We consider the problem of minimizing the index of coincidence of a joint distribution under fixed marginal constraints. This objective is motivated by several applications in information theory, where the index of coincidence naturally arises. A closed-form solution is known when the marginals satisfy a strong feasibility condition, but this condition is rarely met in practice. We first show that the measure of the set of marginals for which condition applies vanishes as the dimension grows. We then characterize the structure of the optimal coupling in the general case, proving that it exhibits a monotone staircase of zero entries.

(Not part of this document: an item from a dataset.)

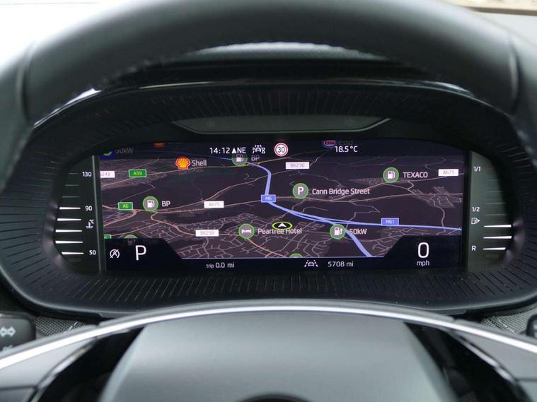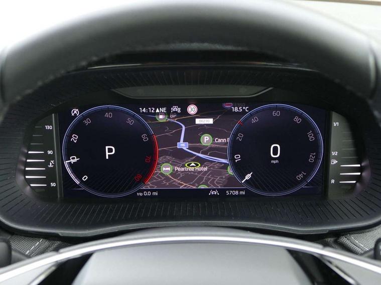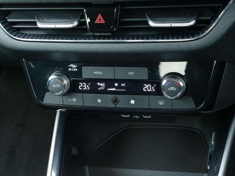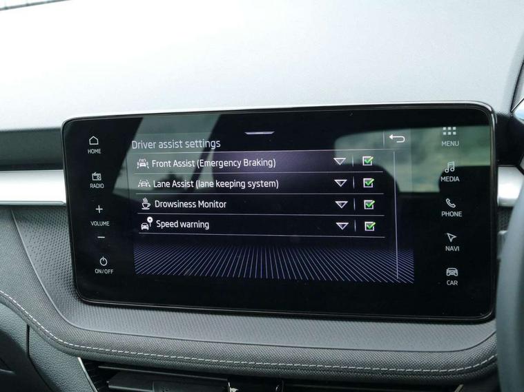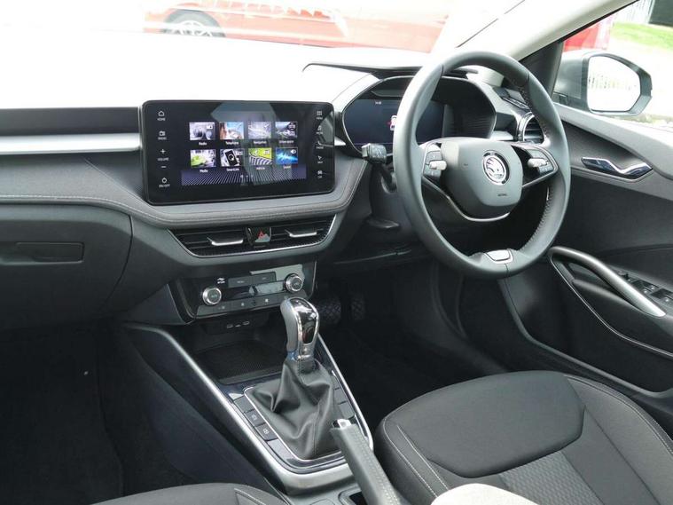 Advanced driver attention and drowsiness monitor, Bluetooth connection, Electromechanical power steering, Exterior temperature gauge, Service interval indicator, Traffic sign recognition, Virtual cockpit with 10.25" colour display, Wireless SmartLink for Apple CarPlay and Android Auto, 6 Speakers (4 in front and 2 in rear), 9.2" colour display skoda navigation system with voice control and web radio, Auxiliary socket for external MP3 player, DAB digital radio reception, Auto dimming rear view mirror, Body colour door mirrors, Body coloured bumpers, Chrome window surround, Door mirror integrated indicators, Front and rear electric windows, Front window wiper intermittent control, Headlight range control - Automatic, Ice scraper in fuel cap, LED daytime running lights with coming and leaving home feature, LED rear lights, Privacy glass, Rear LED fog light, Rear side wing doors, Rear window wiper with washing nozzles, Roof mounted spoiler, SKODA tailgate lettering in chrome, Third brake light, 2 reading lights in front and 2 reading lights in rear, 3 rear headrests, Backrest split and folding, Central console with removable cup holder and storage box, Chrome handbrake release button, Comfort seats, Door sills with fabia badging, Dual zone air conditioning with climatronic electronic control, Fabric upholstery, Front centre armrest, Gearshift knob/handle in leather, Hand brake lever handle in leather, Height adjustable front headrests, Height adjustable front seats, Height adjustable steering wheel, ISOFIX and TopTether anchorage points to the outer rear seats, ISOFIX and TopTether on the front passenger seat, Luggage compartment lighting, Manually adjustable lumbar support in front seats, Metallic grey interior door handles, Pollen filter, Rear seat bench unsplit, Single front passenger seat, Storm grey headlining, Sun visors with mirror and airbag label on passenger side, Textile floor mats, Ticket holder, Umbrella in drivers door, 3-point height adjustable front seats belts with pretensioner and force limiter, Automatic warning lights in case of crash, Driver and passengers airbag with switch off function, e-Call+, ESC including ABS, MSR, ASR, EDS, HBA and XDS, Front and rear seat belt warning, FRONT ASSIST (AEB City and AEB Inter Urban), Front side airbags, Head airbags, Hill hold control, One tone horn, Pedestrian protection, Three rear 3-points safety seat belts with pretensioner and force limiter including stop function for outer rear seat belts, Tyre pressure monitoring system, Anti-theft alarm system including immobiliser, interior monitoring, backup horn, and towing protection, Central locking with radio remote control, interior controls, SAFE function and 2 foldable keys, Chrome edged air vents, Metallic grey central console cover, Metallic grey upper decorative trim, Satin black door and side trim panel in front, Textile microsuede grey lower decorative trim with art grey stitching, Anti-theft wheel bolts protection, Super-low rolling resistance tyres,

Based on this structure, we propose an explicit iterative construction and prove that it converges in finitely many steps to a minimizer. Main result of the paper is a complete constructive solution of index-of-coincidence minimization.

翻译：本文研究在固定边际约束条件下最小化联合分布重合指数的问题。该目标源于信息论中的若干应用场景，其中重合指数自然出现。当边际满足强可行性条件时，存在闭式解，但该条件在实践中极少满足。我们首先证明，满足该条件的边际集合的测度随维度增长而趋于零。随后，我们在一般情形下刻画了最优耦合的结构，证明其呈现出具有单调阶梯状零元的结构。基于此结构，我们提出了一种显式迭代构造方法，并证明该方法可在有限步内收敛到最小化解。本文的主要成果是给出了重合指数最小化问题的完整构造性解法。